Wow, only's know this. You are nasty.
Anonymous
Anonymous wrote:Are these kids' own stuffed animals from home? That they are presumably very attached to?

Your DD needs to learn the consequences of her actions and how badly they are hurting other people.


Yes, she stated the kids get to sometimes bring stuffed animals to school as a reward, and her DD was stealing them.
Anonymous
How did she get away with this for so long? I’d be concerned about supervision.
Anonymous
Anonymous wrote:How did she get away with this for so long? I’d be concerned about supervision.

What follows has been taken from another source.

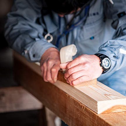 当社は代々、大工職人のプロ集団として仕事を積み重ねてきました。磨かれた技術と心を持った職人が現場で腕を振るっています。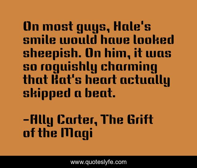 This page presents the quote "On most guys, Hale's smile would have looked sheepish. On him, it was so roguishly charming that Kat's heart actually skipped a beat.". Author of this quote is Ally Carter, The Grift of the Magi. This quote is about love, con-artists, kate, hale, happiness, smile, happy, christmas, affection,.

Read the OP- she was going to the restroom right before lunch then slipping back into the classroom to grab her lunchbox and steal.
Anonymous
I would have her write notes of apology to those she stole from. No need to embarrass her in front of the class. I’d punish with no electronics for a week.
Anonymous
Anonymous wrote:I would not be okay with backpack searching. Yes your DD was wrong but I would address this with the principal as it’s a violation of privacy.

GTFO
Anonymous
OP here, My DD said today she helped the teacher sort out whose stuff was whose while the class was at specials and the teacher did not tell the students she stole the stuff. She did however have to eat in the principals office at lunch.
Anonymous
Anonymous wrote:
Anonymous wrote:I would not be okay with backpack searching. Yes your DD was wrong but I would address this with the principal as it’s a violation of privacy.

GTFO



Maybe it’s the fact that it was the student teacher who searched the backpack?
Anonymous
Anonymous wrote:
Anonymous wrote:
Anonymous wrote:I would not be okay with backpack searching. Yes your DD was wrong but I would address this with the principal as it’s a violation of privacy.

GTFO



Maybe it’s the fact that it was the student teacher who searched the backpack?


That doesn't matter.
Anonymous
An apology not to each child she took something from along with a verbal I'm sorry to each one. She knew she was making her classmates cry and kept doing in. She was not sorry she did it. She is sorry she got caught.